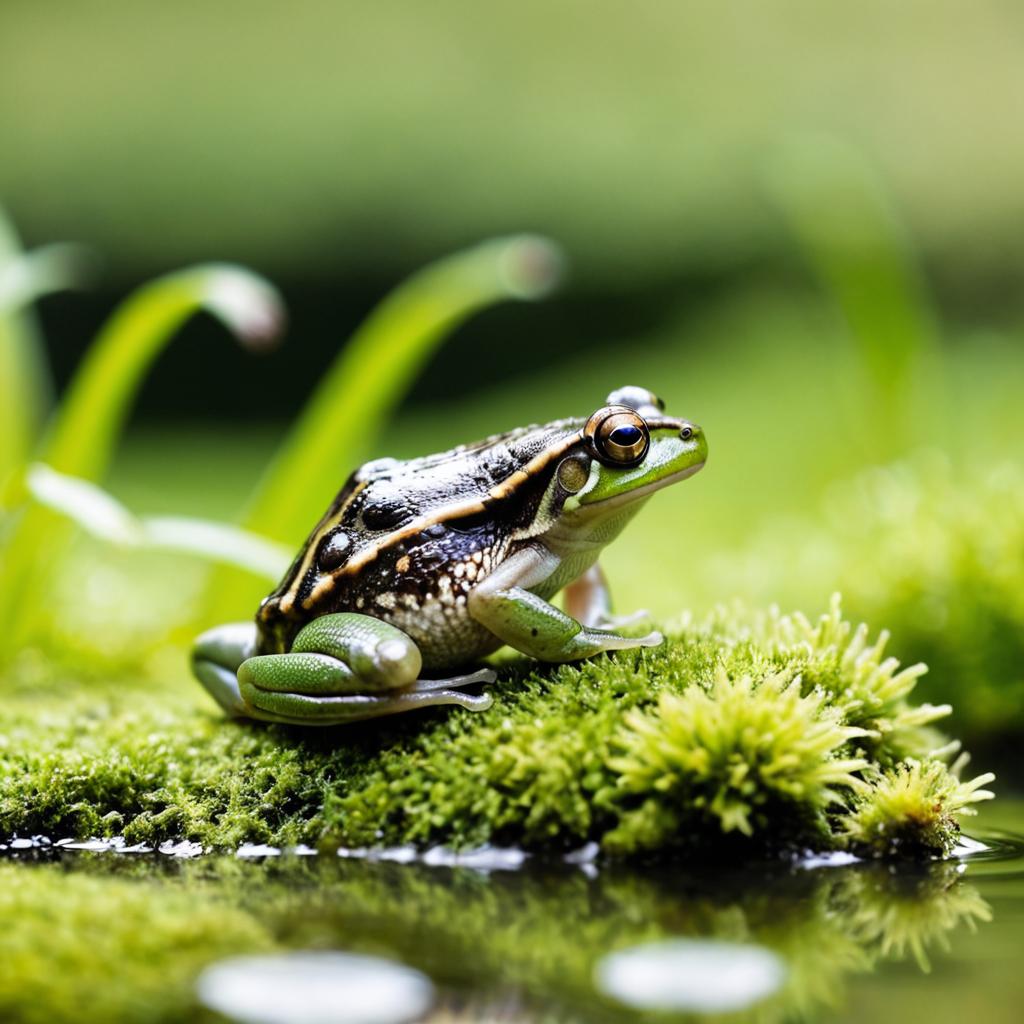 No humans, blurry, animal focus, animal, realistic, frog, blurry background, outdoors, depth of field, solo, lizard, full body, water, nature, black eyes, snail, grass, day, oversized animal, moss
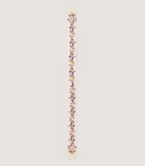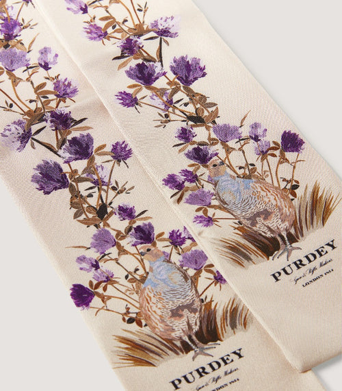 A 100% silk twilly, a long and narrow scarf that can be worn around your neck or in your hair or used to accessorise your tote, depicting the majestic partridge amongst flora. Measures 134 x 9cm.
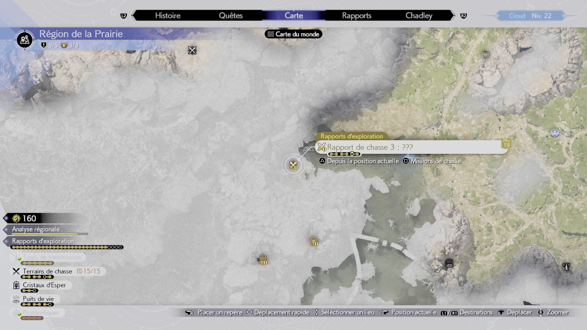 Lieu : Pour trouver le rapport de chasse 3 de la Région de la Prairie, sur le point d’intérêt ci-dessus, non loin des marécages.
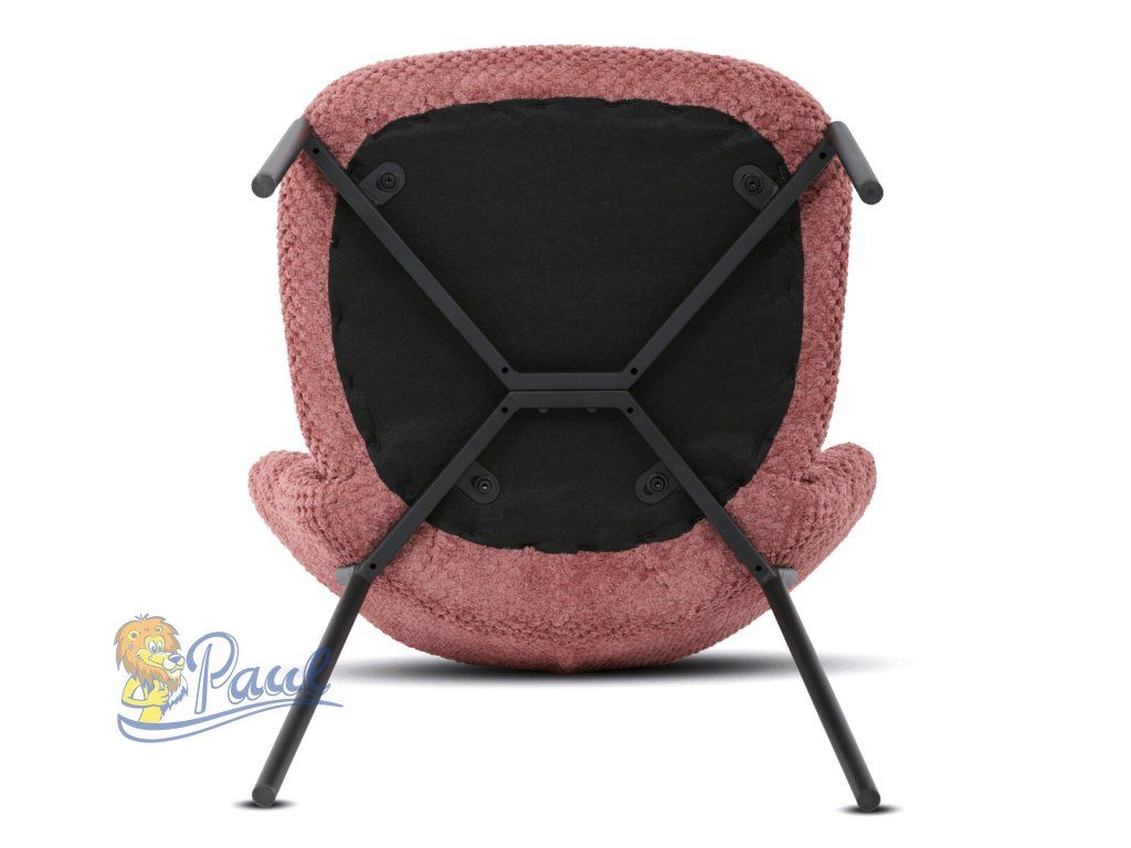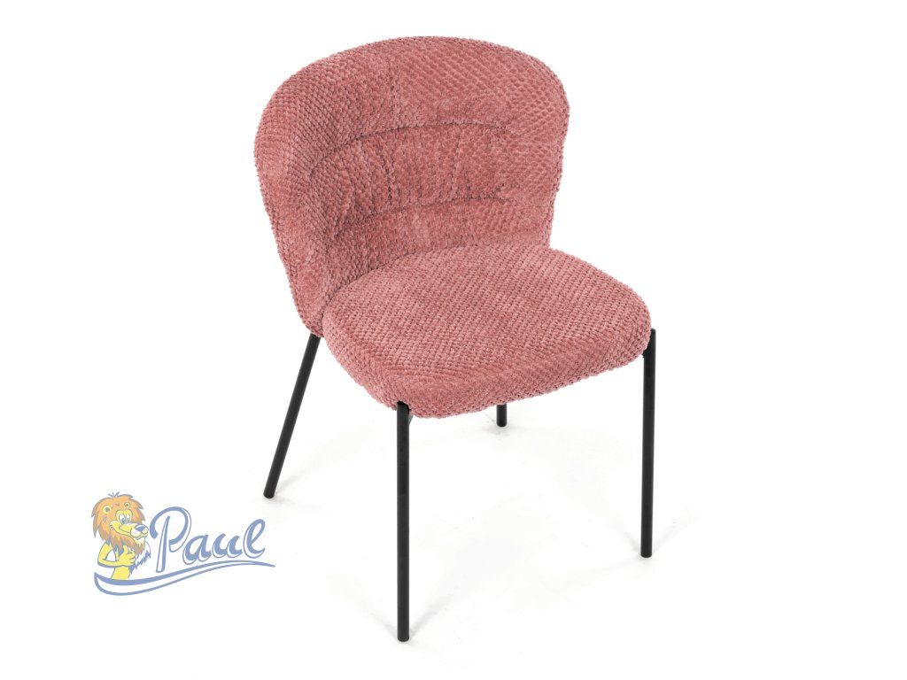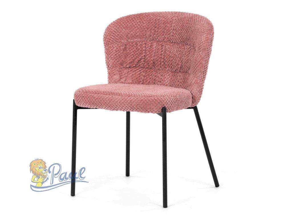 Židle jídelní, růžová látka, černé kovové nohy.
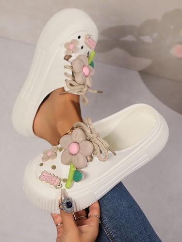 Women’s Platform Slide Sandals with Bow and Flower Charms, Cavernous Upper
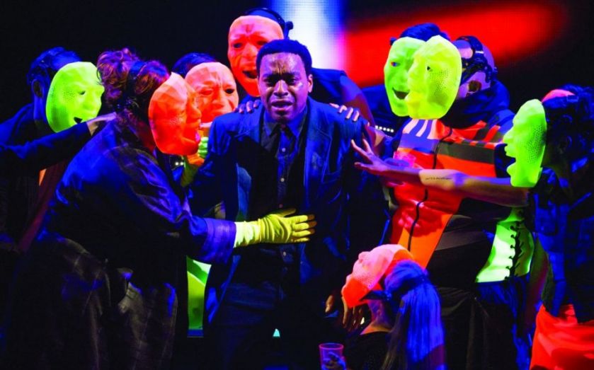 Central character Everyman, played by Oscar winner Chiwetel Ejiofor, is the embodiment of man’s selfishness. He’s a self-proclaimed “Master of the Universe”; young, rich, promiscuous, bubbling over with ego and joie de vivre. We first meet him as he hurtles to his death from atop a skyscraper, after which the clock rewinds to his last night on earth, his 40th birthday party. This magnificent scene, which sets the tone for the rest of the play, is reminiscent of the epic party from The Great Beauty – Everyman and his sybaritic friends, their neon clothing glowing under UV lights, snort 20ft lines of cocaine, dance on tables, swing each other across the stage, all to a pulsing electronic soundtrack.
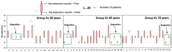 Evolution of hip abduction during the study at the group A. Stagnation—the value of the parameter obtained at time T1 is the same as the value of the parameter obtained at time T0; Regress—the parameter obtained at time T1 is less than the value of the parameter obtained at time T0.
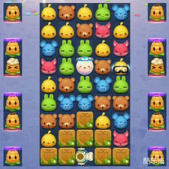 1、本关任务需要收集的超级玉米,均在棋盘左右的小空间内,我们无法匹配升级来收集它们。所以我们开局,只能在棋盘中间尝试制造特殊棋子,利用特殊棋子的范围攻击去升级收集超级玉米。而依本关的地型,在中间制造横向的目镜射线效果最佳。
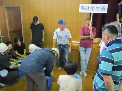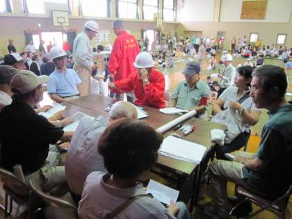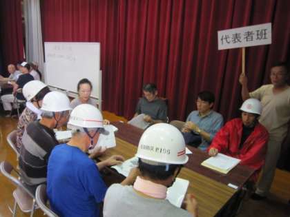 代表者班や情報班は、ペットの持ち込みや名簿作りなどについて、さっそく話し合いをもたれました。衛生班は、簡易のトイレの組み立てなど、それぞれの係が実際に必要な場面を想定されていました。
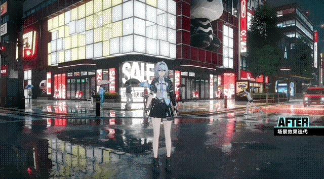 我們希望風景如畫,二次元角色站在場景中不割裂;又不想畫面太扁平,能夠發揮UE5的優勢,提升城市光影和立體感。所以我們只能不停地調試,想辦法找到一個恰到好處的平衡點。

> What is being asked: Leave out the images and write out the lines above exactly, from the one with "Lieu : Pour" up to and including the one with "Women’s Platform Slide".

> Final answer:
 Lieu : Pour trouver le rapport de chasse 3 de la Région de la Prairie, sur le point d’intérêt ci-dessus, non loin des marécages.
 Židle jídelní, růžová látka, černé kovové nohy.
 Women’s Platform Slide Sandals with Bow and Flower Charms, Cavernous Upper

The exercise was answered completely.